Improving Data Loading and Communication Performance for Large-Scale Distributed Training

Baixi Sun, Indiana University Luddy School of Informatics, Computing, and Engineering, and Summer Student at ANL 2023
Webinar
CS Seminar Graphic

Large-scale distributed training of Deep Neural Network (DNN) models reveals performance issues on High-Performance Computing (HPC) clusters. On the one hand, the effectiveness of DNN models heavily depends on large training datasets (e.g., Terabyte-scale), making data loading challenging in today's distributed training. On the other hand, second-order optimizers offer improved convergence and generalization in DNN training but come with extra data communication overhead compared to stochastic gradient descent (SGD) optimizers. Therefore, reducing communication costs is crucial for the performance of second-order optimizers.
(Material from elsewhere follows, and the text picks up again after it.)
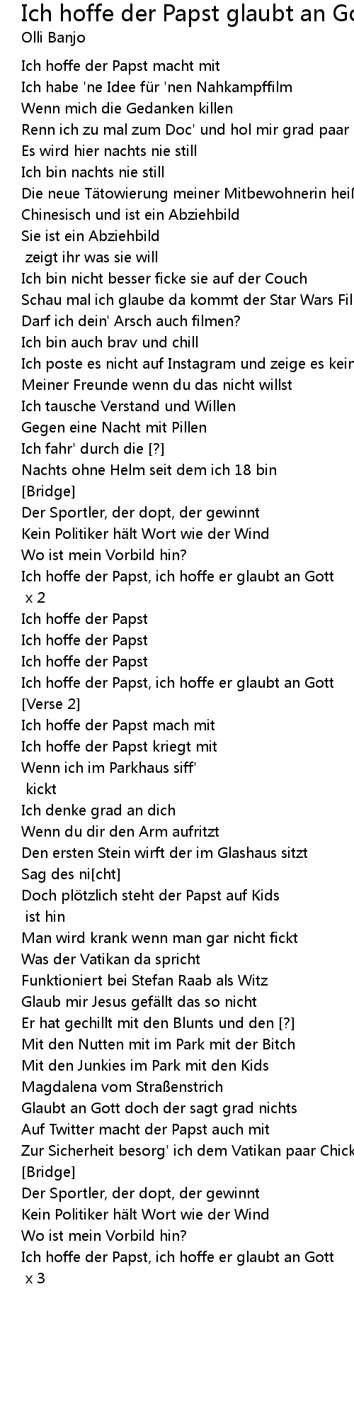 | Song | Ich hoffe der Papst glaubt an Gott |

To address these problems, I will discuss two system-level optimizations: SOLAR and SSO. SOLAR utilizes offline and online scheduling strategies to optimize the data loading cost from parallel filesystems to device memory (e.g., Graphics Processing Unit - GPU). SSO avoids latency-bounded communication and integrates lossy compression algorithms to reduce communication message size while preserving the benefits of second-order optimizers, such as faster convergence compared to SGD-based optimizers. Specifically, I will describe the challenges of data loading and communication in large-scale distributed training, share our insights on performance improvements, and explain how SOLAR and SSO address these challenges and issues.